LevelDB源码剖析之Env与log::Writer

本文将介绍levelDB中的log部分,并且涉及到log::Writer,Env,EnvWrapper和PosixEnv,把这两者搅在一起似乎不太合适,不过,也有合理的地方,正是因为我要对levelDB中文件的写操作看个究竟,才牵扯出了Env,EnvWrapper和PosixEnv之间的关系。讲得不太好,不过,对于刚开始看levelDB源码的人肯定还是有不少帮助的,就我自己而言,刚开始看到status = log_->AddRecord();,找了半天也知道levelDB把数据写到什么地方去了。

#1. 日志文件介绍

log文件在LevelDb中的主要作用是系统故障恢复时,能够保证不会丢失数据。因为在将记录写入内存的Memtable之前,会先写入Log文件,这样即使系统发生故障,Memtable中的数据没有来得及Dump到磁盘的SSTable文件,LevelDB也可以根据log文件恢复内存的Memtable数据结构内容,不会造成系统丢失数据,在这点上LevelDb和Bigtable是一致的。下面我们带大家看看log文件的具体物理和逻辑布局是怎样的,LevelDb对于一个log文件,会把它切割成以32K为单位的物理Block,每次读取的单位以一个Block作为基本读取单位,下图展示的log文件由3个Block构成,所以从物理布局来讲,一个log文件就是由连续的32K大小Block构成的。

#2. 日志文件相关代码

我相信你可以很快的在levelDB中定位到写记录的函数,也就是levelDB在db_impl.cc文件中的Write函数中写入记录

Status DBImpl::Write(const WriteOptions& options, WriteBatch* my_batch);

写入记录的方式是先写入log文件,然后再写入memtable。我们只分析写log文件的情况。

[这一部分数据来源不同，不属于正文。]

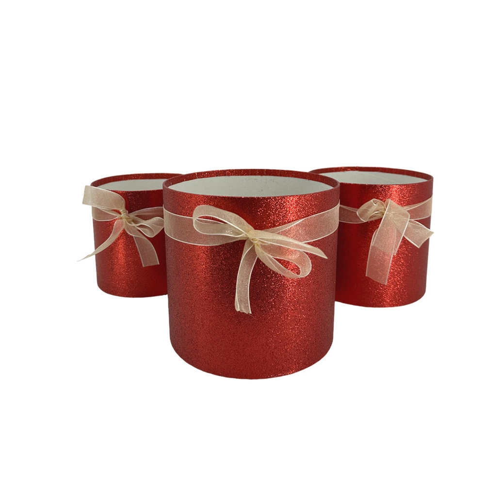 Коробка шляпная, D18xH17 см - D13xH12 см, набор (3 шт), без крышки Красный
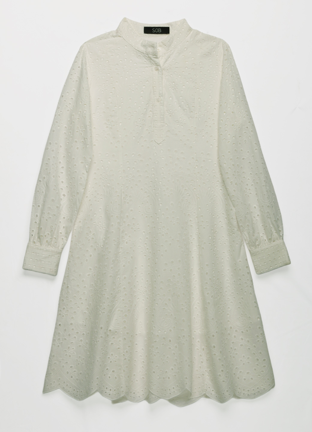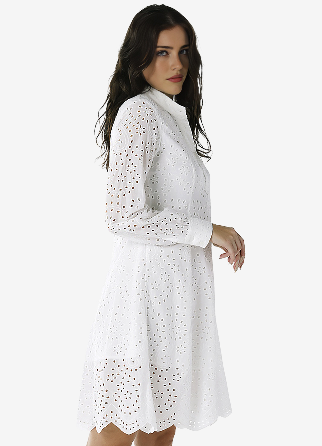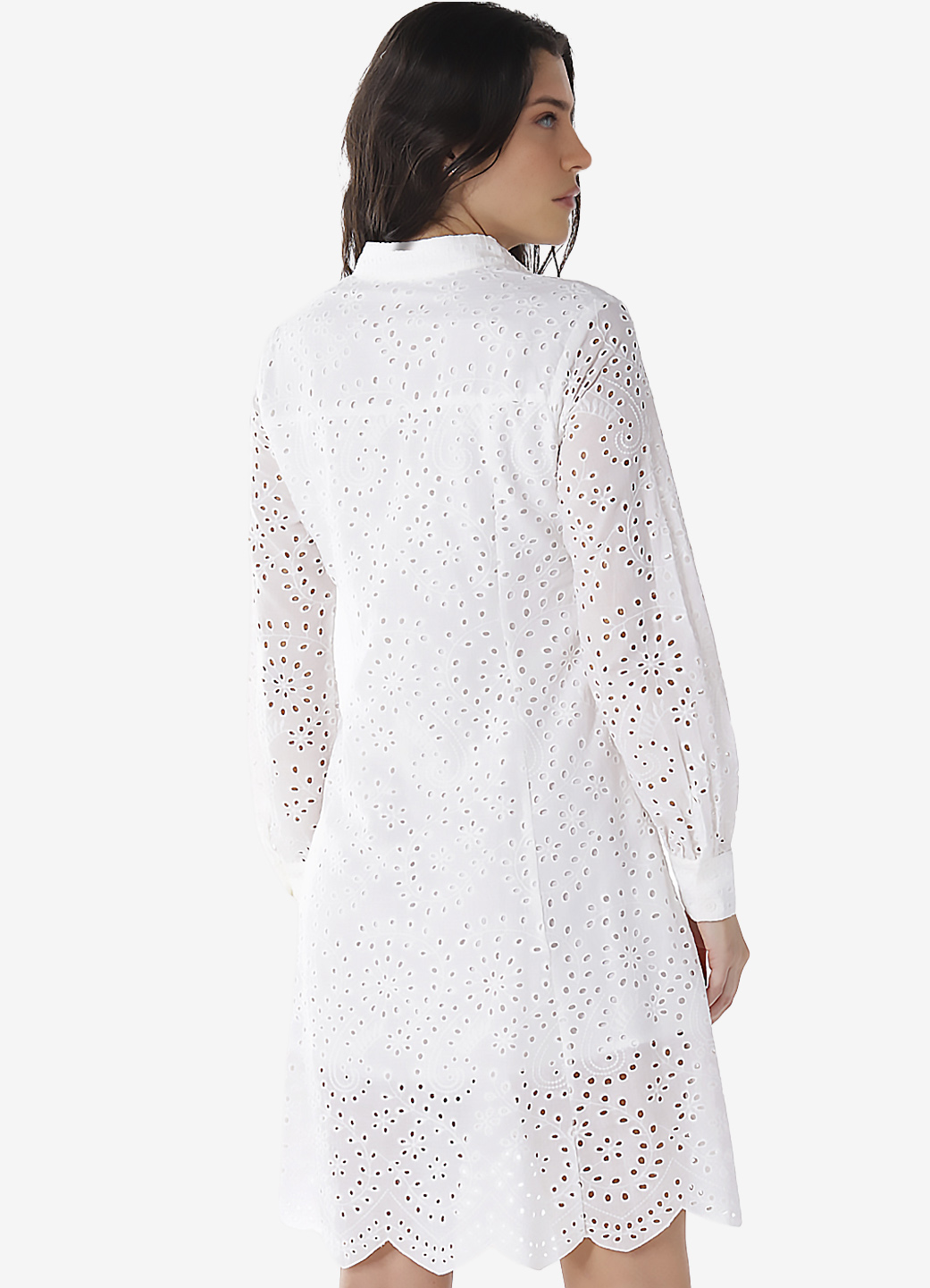 Detalhes: Vestido de laise branco até a altura do joelho. Corpo todo forrando até o meio da coxa. Mangas longas com punho e fechamento em 2 botões. Recortes verticais para melhor caimento. Produto acinturado. Gola e vista verdadeiros. Costas com pala e recorte. Comprimento até o joelho (modelo com 177cm).

写入日志文件的语句如下:

status = log_->AddRecord(WriteBatchInternal::Contents(updates));

log_的定义如下:

log::Writer *log_;

Writer是一个类,封装了文件的操作,Writer的定义如下:

class Writer {
 public:
  // Create a writer that will append data to "*dest".
  // "*dest" must be initially empty.
  // "*dest" must remain live while this Writer is in use.
  explicit Writer(WritableFile* dest);
  ~Writer();

  Status AddRecord(const Slice& slice);

 private:
  WritableFile* dest_;
  int block_offset_;       // Current offset in block

  // crc32c values for all supported record types.  These are
  // pre-computed to reduce the overhead of computing the crc of the
  // record type stored in the header.
  uint32_t type_crc_[kMaxRecordType + 1];

  Status EmitPhysicalRecord(RecordType type, const char* ptr, size_t length);

  // No copying allowed
  Writer(const Writer&);
  void operator=(const Writer&);
};

可以看到Writer除了构造函数和析构函数,只有一个公有的成员函数:AddRecord ,还有一个私有的辅助成员函数EmitPhysicalRecord, 还有一个关键的成员变量:WritableFile ,我们来看看这两个成员函数都做了什么。

##2.1 AddRecord

AddRecord 函数的定义如下:

Status Writer::AddRecord(const Slice& slice) {
  const char* ptr = slice.data();
  size_t left = slice.size();

  // Fragment the record if necessary and emit it.  Note that if slice
  // is empty, we still want to iterate once to emit a single
  // zero-length record
  Status s;
  bool begin = true;
  do {
    const int leftover = kBlockSize - block_offset_;
    assert(leftover >= 0);
    if (leftover < kHeaderSize) {
      // Switch to a new block
      if (leftover > 0) {
        // Fill the trailer (literal below relies on kHeaderSize being 7)
        assert(kHeaderSize == 7);
        dest_->Append(Slice("\x00\x00\x00\x00\x00\x00", leftover));
      }
      block_offset_ = 0;
    }

    // Invariant: we never leave < kHeaderSize bytes in a block.
    assert(kBlockSize - block_offset_ - kHeaderSize >= 0);

    const size_t avail = kBlockSize - block_offset_ - kHeaderSize;
    const size_t fragment_length = (left < avail) ? left : avail;

    RecordType type;
    const bool end = (left == fragment_length);
    if (begin && end) {
      type = kFullType;
    } else if (begin) {
      type = kFirstType;
    } else if (end) {
      type = kLastType;
    } else {
      type = kMiddleType;
    }

    s = EmitPhysicalRecord(type, ptr, fragment_length);
    ptr += fragment_length;
    left -= fragment_length;
    begin = false;
  } while (s.ok() && left > 0);
  return s;
}

AddRecord成员函数将数据按一定格式存储,然后调用EmitPhysicalRecord 成员函数来完成数据的写入。

#2.2 EmitPhysicalRecord

EmitPhysicalRecord中,首先封装记录头,然后计算校验码,再将数据写入到dest_中。dest_是一个WritableFile对象,WritableFile类封装文件的读写操作。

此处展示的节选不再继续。